I was refering to this statement, from Chris’ second post:

I was able to run the point-in time analysis and was wondering why, but you explained it perfectly - thanks again

Thanks for sharing @chris I can see that angular basis needs to be set to " W6 standard basis" for a full klem file! sweet!

Hi@sarith
Do you have a diffuser file(xmls) for water? I want to analyze the light passing through a window filled with water in a room. Well, the light passing through the liquid is definitely more scattered than glass.
thank you

I don’t have one. This is a question worth asking on the Radiance discourse. I doubt if someone has actually created a BSDF for water based on real-world empirical measurements.

Regards,
Sarith

1 Like

Interesting thread. Thanks Sarith and Chris. Not sure if this is the right forum to post this question.
I am new to Window 7.8, and strangely the BSDF folder does not contain any xml files but only csv files. I tried saving the csv file as an xml, and Honeybee Plus is giving this error.
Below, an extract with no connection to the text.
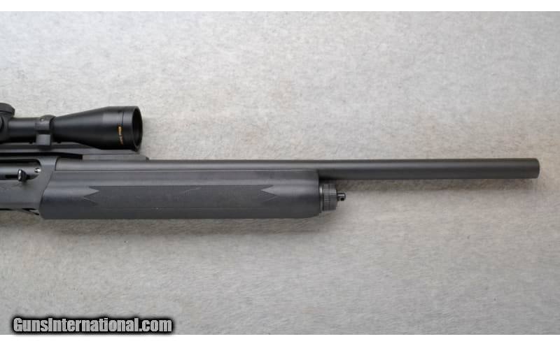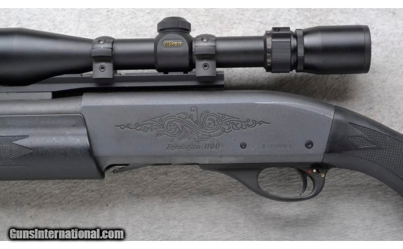Description: This Remington Model 1100 is a right hand semi-auto shotgun in 12 Ga. It has a 21 inch fully rifled barrel with a 2 3/4 inch chamber. It is outfitted with a Nikon Scope. No iron sights. The butt stock is a checkered grip black polymer pistol grip. The forearm is a checkered grip black polymer with finger grooves. The receiver is lightly engraved. 12 Gauge SOLD Chambers: 2 3/4 inch. Metal Condition: Good. Has some light surface handling/use marks. Bore Condition: Excellent. Barrels: 21 inch. Stock Dimensions: LOP 14 inches. Fore End: Checkered grip black polymer with finger grooves. Butt Pad: Remington black rubber recoil pad. Has a melted appearance. Weight: 9 Lb. 4 Oz. Sights: Nikon Prostaff 3-9 Scope. No iron sights. Chokes: Fully Rifled. Item Location: Richfield, WI |

  1. Solution exception:Local variable ‘data_structure’ referenced before assignment.

It also looks like the BCL library does not include frit glass. I tried creating a glazing system in Window 7.8 by using a default frit glass available in Windows database, and it give me this error.
“WhiteFritDiffuseFront.lbl (ID = 30000) has an invalid specularity type. Please consult the knowledge base at windows.lbl.gov for more information.” Is there a workaround? I am trying to simulate this for a daylight study,

I think this would be better answered in the Radiance discourse: https://discourse.radiance-online.org/
Folks from LBNL, including the ones directly responsible for the maintenance of Window, are more active on that forum.